> To do
Given these entries, repeat exactly the lines starting with the one that has "Fig. 1 Annual rate of consumer price index" and going on through the one that has "Fig. 2. Adult", both included, but none of the pictures.

> Records supplied
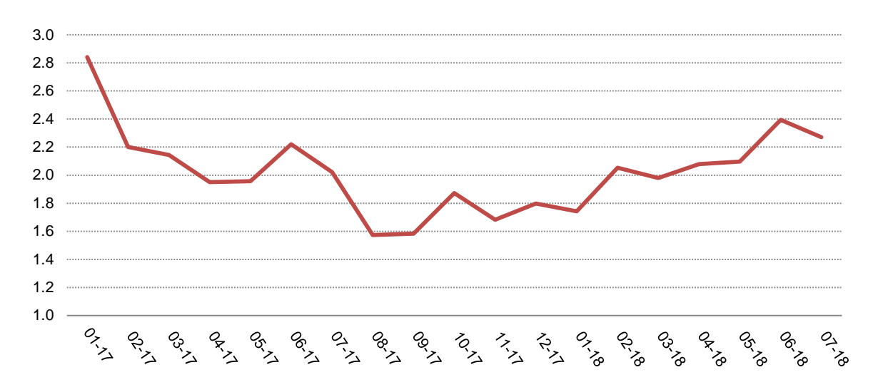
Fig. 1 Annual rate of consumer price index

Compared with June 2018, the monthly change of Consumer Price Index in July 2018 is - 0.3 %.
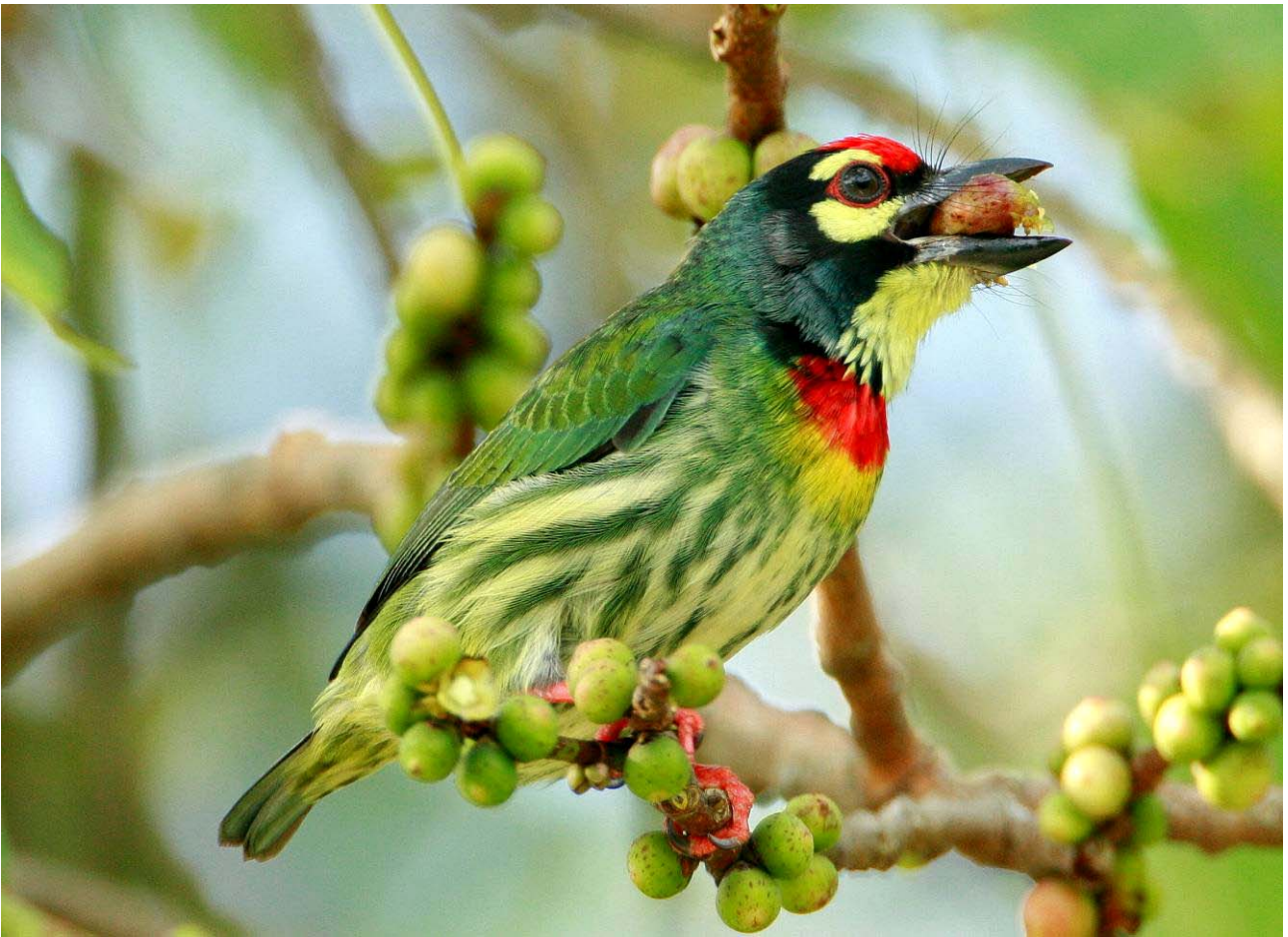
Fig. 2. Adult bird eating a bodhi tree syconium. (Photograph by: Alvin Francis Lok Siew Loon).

---

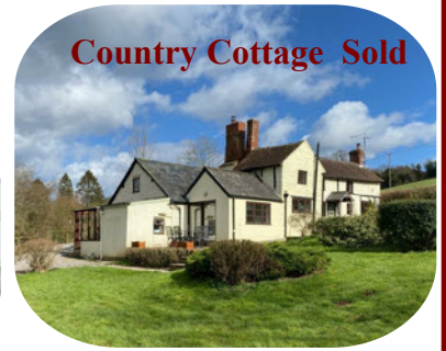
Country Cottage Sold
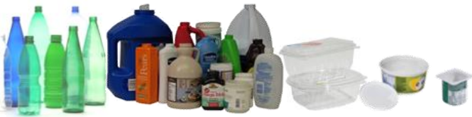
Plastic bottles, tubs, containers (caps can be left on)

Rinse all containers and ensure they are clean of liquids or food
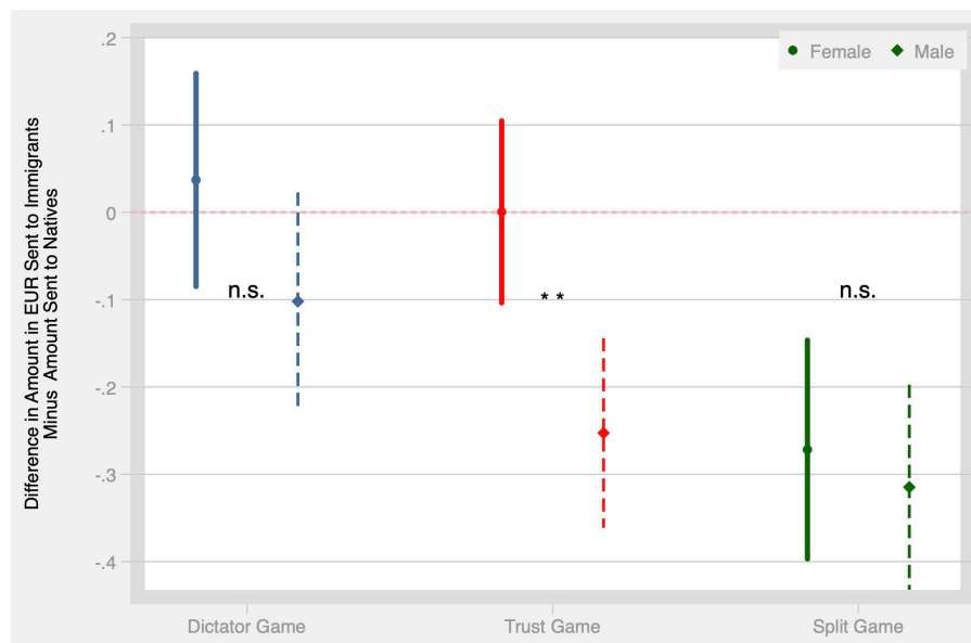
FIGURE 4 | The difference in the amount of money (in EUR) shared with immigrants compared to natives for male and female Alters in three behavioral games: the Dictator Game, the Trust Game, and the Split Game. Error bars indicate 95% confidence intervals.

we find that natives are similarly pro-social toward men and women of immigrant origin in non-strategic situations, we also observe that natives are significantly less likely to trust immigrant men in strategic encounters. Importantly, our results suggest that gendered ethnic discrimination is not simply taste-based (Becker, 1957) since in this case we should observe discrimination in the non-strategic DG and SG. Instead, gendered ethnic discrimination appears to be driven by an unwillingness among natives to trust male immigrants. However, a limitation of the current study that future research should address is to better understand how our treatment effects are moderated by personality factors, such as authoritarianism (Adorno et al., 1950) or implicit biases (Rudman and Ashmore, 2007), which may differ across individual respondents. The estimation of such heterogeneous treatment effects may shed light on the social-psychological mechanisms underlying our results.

> Task solution
Fig. 1 Annual rate of consumer price index

Compared with June 2018, the monthly change of Consumer Price Index in July 2018 is - 0.3 %.
Fig. 2. Adult bird eating a bodhi tree syconium. (Photograph by: Alvin Francis Lok Siew Loon).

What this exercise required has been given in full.